Elementary Students in New York Return Home After Being Stuck at School Because of Snowstorm

Students in West Seneca, NY, were stuck at school after a snowstorm.

ByABC News
January 6, 2017, 11:30 AM

— -- Students in upstate New York who were stuck at school overnight because of a heavy snowstorm have returned safely to their homes this morning, school officials said.

Students at West Elementary and Allendale Elementary schools in West Seneca, New York, spent Thursday night in school classrooms when road conditions became treacherous. At one point, school buses carrying nearly 50 students were told to return to the school, according to the school district.

West Seneca was blanketed with 26 inches of snow by 10 p.m. Thursday, the Buffalo News reported.

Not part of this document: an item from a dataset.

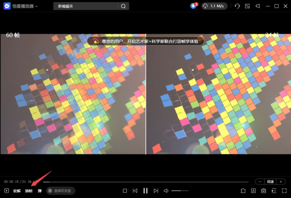 PC版恒星播放器拥有的第二个隐藏的功能是独家插帧功能,在开启这个功能后,软件就会自动进行智能处理,以此来提高视频播放的流畅度与画质,同时也支持自动调节插帧率。插帧功能在PC版恒星播放器播放视频时,界面底部的左下角位置,就可以找到。

Parents said they received robocalls throughout the night informing them about the situation, ABC News affiliate WKBW in Buffalo reported.

"It was scary not knowing the whereabouts. I didn’t know what school he was at, at first, and then he had called," parent Jamie Weixlmann told WKBW of her son. “It was scary but it was good to know they were in safe hands here at school.”

School officials said via Twitter that the students and faculty were eating pizza, watching movies and playing board games. "Things are great," West Elementary principal Carolyn Anderson said in a tweet.

The superintendent's office for the West Seneca Central School District did not immediately respond to ABC News' request for comment.

The nasty weather currently affecting residents in upstate New York will next head to mid-Atlantic states and southern New England.

Winter storm advisories were in effect from Alabama to the southern Delmarva Peninsula, including Birmingham, Greenville/Spartanburg, Charlotte, Durham and Norfolk, according to the National Weather Service.

As much as 56 inches of snow has pummeled the Sierra Nevada mountain range so far this week, due to a persistent plume of jet stream off the Pacific Northwest. That jet stream will move to the South and East regions, according to ABC News meteorologists.

Meanwhile, forecasts indicate a powerful "atmospheric river" event will take aim at California this weekend and into next week with heavy precipitation and high snow levels.

The brunt of the storm is expected to arrive Sunday and Monday, which could unleash floods that the National Weather Service said may be the worst since December 2005.